# Material provided
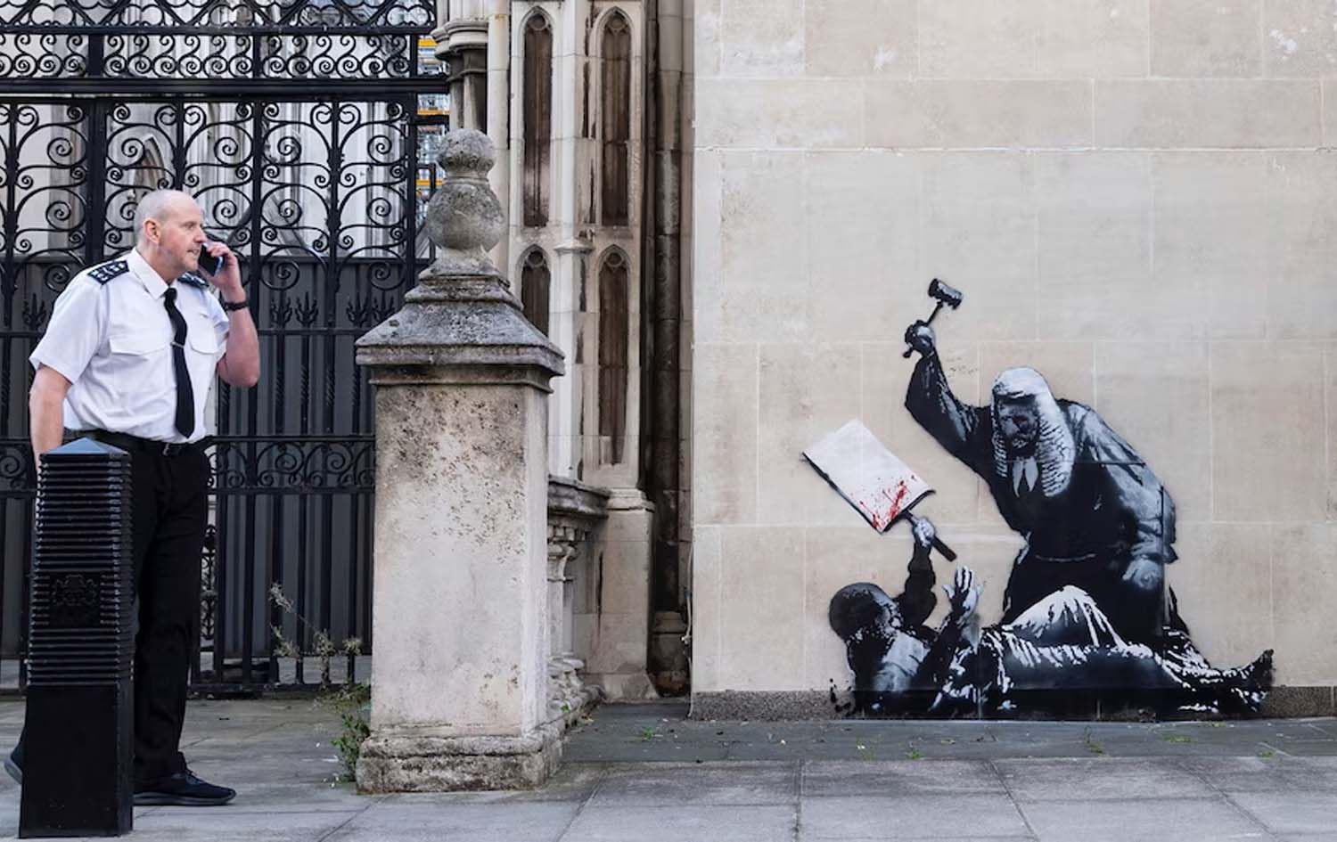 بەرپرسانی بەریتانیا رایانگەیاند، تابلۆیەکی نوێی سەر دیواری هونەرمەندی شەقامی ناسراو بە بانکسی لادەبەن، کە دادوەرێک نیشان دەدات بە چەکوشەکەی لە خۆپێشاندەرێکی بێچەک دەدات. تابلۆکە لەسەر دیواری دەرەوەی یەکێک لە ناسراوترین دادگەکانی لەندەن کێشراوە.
--
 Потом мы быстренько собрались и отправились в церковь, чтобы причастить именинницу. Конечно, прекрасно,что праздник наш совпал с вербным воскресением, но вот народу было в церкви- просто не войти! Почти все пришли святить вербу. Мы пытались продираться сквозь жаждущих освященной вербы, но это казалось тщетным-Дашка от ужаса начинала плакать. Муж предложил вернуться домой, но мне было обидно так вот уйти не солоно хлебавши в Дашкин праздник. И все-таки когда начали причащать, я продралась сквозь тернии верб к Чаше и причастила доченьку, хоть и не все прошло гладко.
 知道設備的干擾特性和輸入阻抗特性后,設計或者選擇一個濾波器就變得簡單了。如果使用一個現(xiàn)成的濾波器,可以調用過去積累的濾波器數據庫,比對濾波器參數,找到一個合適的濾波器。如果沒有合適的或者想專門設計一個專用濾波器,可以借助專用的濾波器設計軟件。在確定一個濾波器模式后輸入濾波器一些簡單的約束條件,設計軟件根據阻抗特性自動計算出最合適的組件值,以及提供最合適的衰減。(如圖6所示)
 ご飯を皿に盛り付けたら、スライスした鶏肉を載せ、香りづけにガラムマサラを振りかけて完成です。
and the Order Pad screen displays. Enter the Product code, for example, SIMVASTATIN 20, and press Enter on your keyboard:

# Work required
From the records above, copy out the line with "ご飯を皿に盛り付けたら、スラ", the line with "and the Order", and every line between them, word for word.

# Answer section
 ご飯を皿に盛り付けたら、スライスした鶏肉を載せ、香りづけにガラムマサラを振りかけて完成です。
and the Order Pad screen displays. Enter the Product code, for example, SIMVASTATIN 20, and press Enter on your keyboard:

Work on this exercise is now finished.